Policy Goal 3: Introduce a range of interventions to create an environment focused on prevention.

  • A critical contribution to slowing or even reversing the tide of Type 2 diabetes comes from achieving population-level behavior change aimed at encouraging societies to attend more conscientiously to their health, be less sedentary and have better nutrition.
  • To influence the population and bring about the desired behavior change, policymakers need to commit to creating an environment focused on prevention – one that supports healthy choices and encourages healthy behaviors.
  • The benefits extend beyond diabetes to other non-communicable diseases (NCDs) including cardiovascular diseases, respiratory diseases, cancers and dementia.

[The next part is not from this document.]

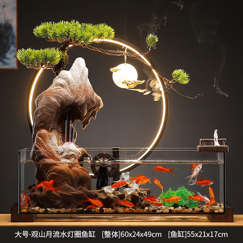 创意招财鱼缸假山流水生财喷泉摆件家居客厅开业装饰桌面乔迁礼品

The core-steps and innovative action steps for policymakers may include:
    • Articulating a clear case of change – including both health and economic consequences.
    • Committing to ambitious targets and timescales.
    • Assigning responsibility for leading and coordinating initiatives to create an environment focused on prevention.
    • Exploring the full range of preventive interventions- from information to nudges and legislation.
    • Building a cross-disease coalition to support a preventive health and wellbeing approach.
    • Creating an improved prevention-focused environment is not an easy task. People have hundreds of opportunities to make less healthy choices every day at home, work, school and while travelling, shopping or engaging in leisure pursuits. Each decision is shaped by a wide range of factors viz., the information available, incentives, peer pressure and social norms.

In Conclusion

  • The growing epidemic of Type 2 diabetes demands urgent and coordinated attention.
  • Primary prevention of Type 2 diabetes is a logical strategy considering the scale and the cost of ongoing medical treatment for the diabetes epidemic and the inevitable increase in diabetes incidence together with obesity.
  • Given the size of the diabetes epidemic and the number of people at high risk, approaches aimed exclusively at individual behavior changes in clinical settings will likely prove inadequate for diabetes control at the population level. On the other hand, improvements in policy and the environmental factors would predispose, enable and reinforce more healthy diets and more active lifestyles for widespread and sustained behavior changes.
  • These will require development of infrastructure, environment and policy changes and ongoing funding of a multilevel, multidisciplinary approach and an experimental attitude at the state and local levels to allow public health researchers to evaluate the ingredients of successful innovations that constitute natural experiments in diabetes prevention.

PRACTICE QUESTION

Q. India is often referred to as the ‘Diabetes Capital of the World’. Why Indians are more prone to diabetes? What role can Policy Makers play in the prevention of Diabetes in India?